For the South Korean youth population, this is the first standardization and validation study of mental health scales, conducted with a large representative sample of adolescents (N = 6,689). This study provided the psychometric properties and normative data of three MHS tools developed in South Korea: MHS: D, MHS: A, and MHS: S.

4.1 Psychometric properties and normative data of MHS tools for South Korean adolescents

The three tools had good-to-excellent reliability when administered to an adolescent normative sample (MHS: D α = 0.92, MHS: A α = 0.93, and MHS: S α = 0.86) and acceptable goodness-of-fit values in factor analyses. We also confirmed that all three instruments had a single-factor structure, as in the adult population, and that they measured depression, anxiety, and suicide risk equivalently in adult and adolescent populations. The finding that MHS tools in adult and adolescent populations have the same psychometric properties and measurement invariance suggests that cutoff points for depressive and anxiety disorders and suicidality derived from studies of structured diagnostic-based MHS tools for adults could be applicable to adolescents.

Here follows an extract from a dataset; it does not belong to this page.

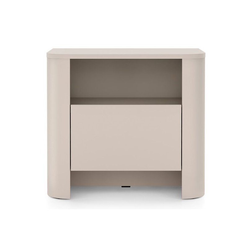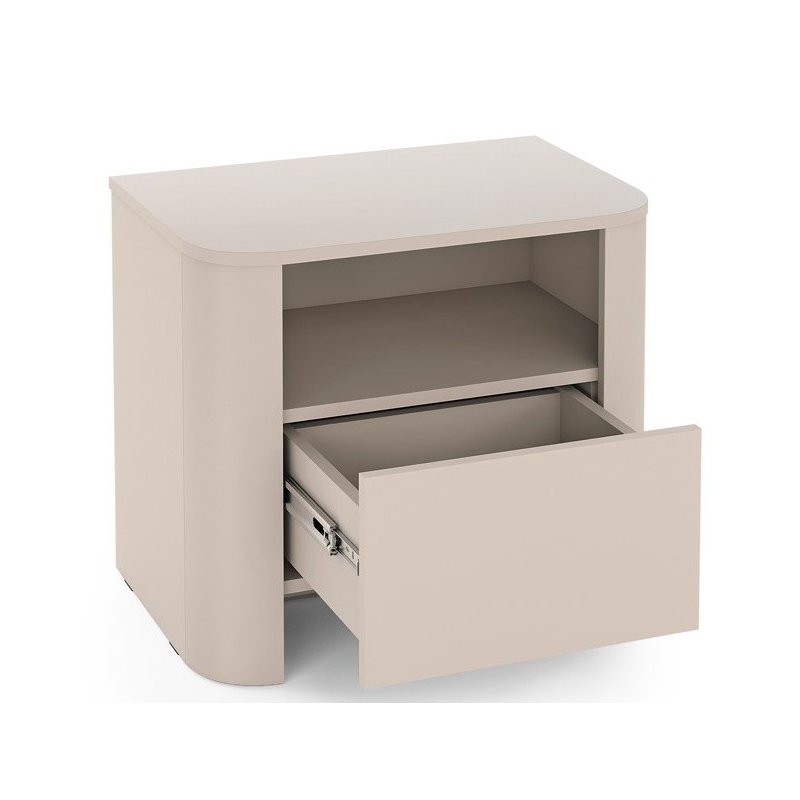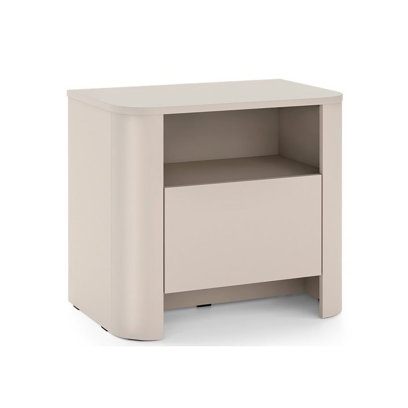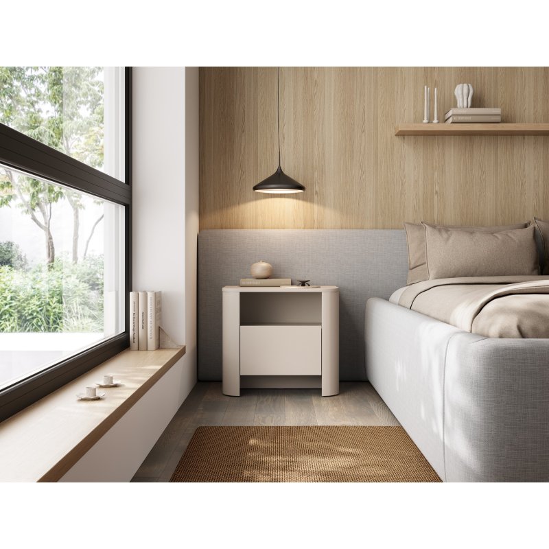 Kaszmirowy stolik nocny łączy nowoczesną formę z praktycznym układem. Otwarta półka i pojemna szuflada sprawiają, że kaszmirowa szafka nocna do sypialni jest idealna do przechowywania książek i drobiazgów. Zaokrąglone krawędzie i neutralny kolor kaszmiru wprowadzają do wnętrza przyjazną atmosferę, a trwałe materiały zapewniają długotrwałe użytkowanie.

This study also provided normative data for depression, anxiety, and suicide risk instruments in a sample of 6,689 South Korean adolescents. Normative data with percentile ranks according to total scores would provide clinicians with more information about an individual’s mental health. The reference norms would also provide an easier and more informative interpretation for adolescents who want to know their mental health status accurately.

4.2 Measurement invariance and developmental difference between demographic subgroups

Measurement invariance comparison of adolescent subgroup scores found that the adolescent screening tools equivalently measured depression, anxiety, and suicide risk regardless of one’s age and sex, and this indicates that the scores could be generalized across different demographic characteristics of the screening population.

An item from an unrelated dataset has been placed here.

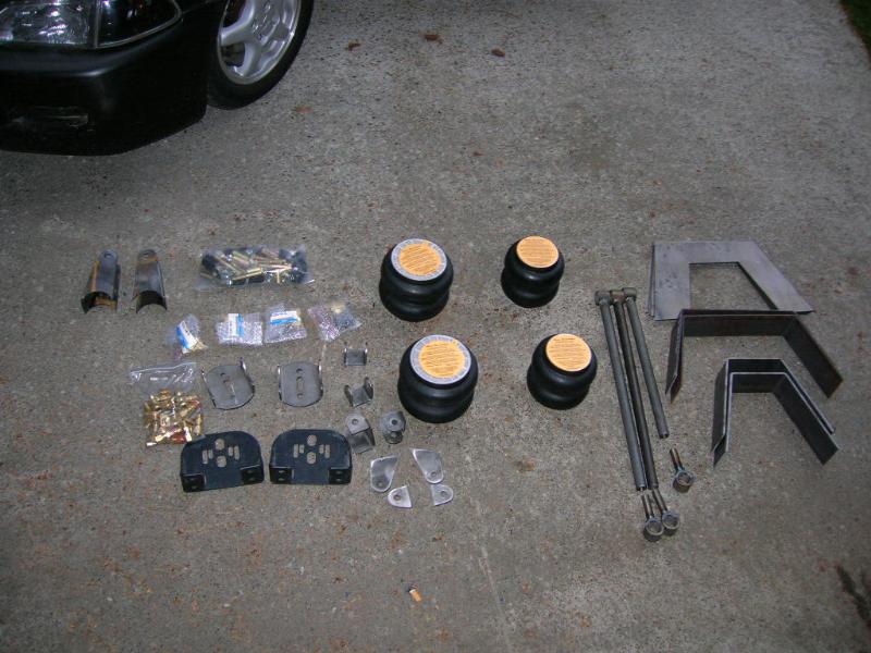 Slam Bags, 62's and 72's; FB(4) 3/8" smc valves, 1/2" line, slim 5 gallon tank, viair 460c, KP 4-link, bagged off the 4 link. Will have pics real soon.

The measurement invariance tests also indicated that some single items should be used with caution when interpreting psychological symptoms, considering differences in adolescents’ developmental characteristics. For Item 12 of the MHS: D (insomnia), which did not meet full scalar measurement invariance between adolescents and adults, this likely reflects that insomnia is a common symptom of depression in adolescents (Roberts et al., 1995). However, there is no significant association between insomnia and the onset of major depressive disorder in adolescents (Rice et al., 2019). Therefore, rather than interpreting insomnia as having a specific effect on depression in adolescents, this finding may reflect a developmental characteristic of adolescence, in which adolescents report sleep difficulties more frequently than adults (de Zambotti et al., 2018); and a cultural characteristic, in which Asian adolescents sleep less than other cultures (Olds et al., 2010). Psychomotor abnormalities and appetite changes were non-full-scalar measurement invariant across adolescent age groups. The intercept difference in the psychomotor abnormalities item may replicate previous findings that older adolescents with depression are more likely to experience psychomotor symptoms (Baji et al., 2009), which appear to be strongly associated with psychomotor changes owing to neurodevelopmental changes during adolescence (Cioni and Sgandurra, 2013). Appetite changes might be influenced by hormonal changes that occur during the rapid growth process of adolescence and cultural factors, such as the unique adolescent culture of body dissatisfaction (Maxwell and Cole, 2009) that is notable in South Korea (Kim, 2018). In the case of suicide ideation and attempt items, this appears to reflect the tendency for the rate of suicidal ideation to spike after 14 years of age (Nock et al., 2013). These items are a comprehensive measure of suicide attempts with no time limit; thus, older individuals may have accumulated suicide attempts and consequently scored higher on the relevant items. Therefore, caution should be exercised when using specific item scores in isolation to interpret mental health problems in adolescents (MHS: D Items 3, 10/11, and 12; MHS: S Items: 2 and 4), considering the developmental and cultural characteristics of South Korean adolescents.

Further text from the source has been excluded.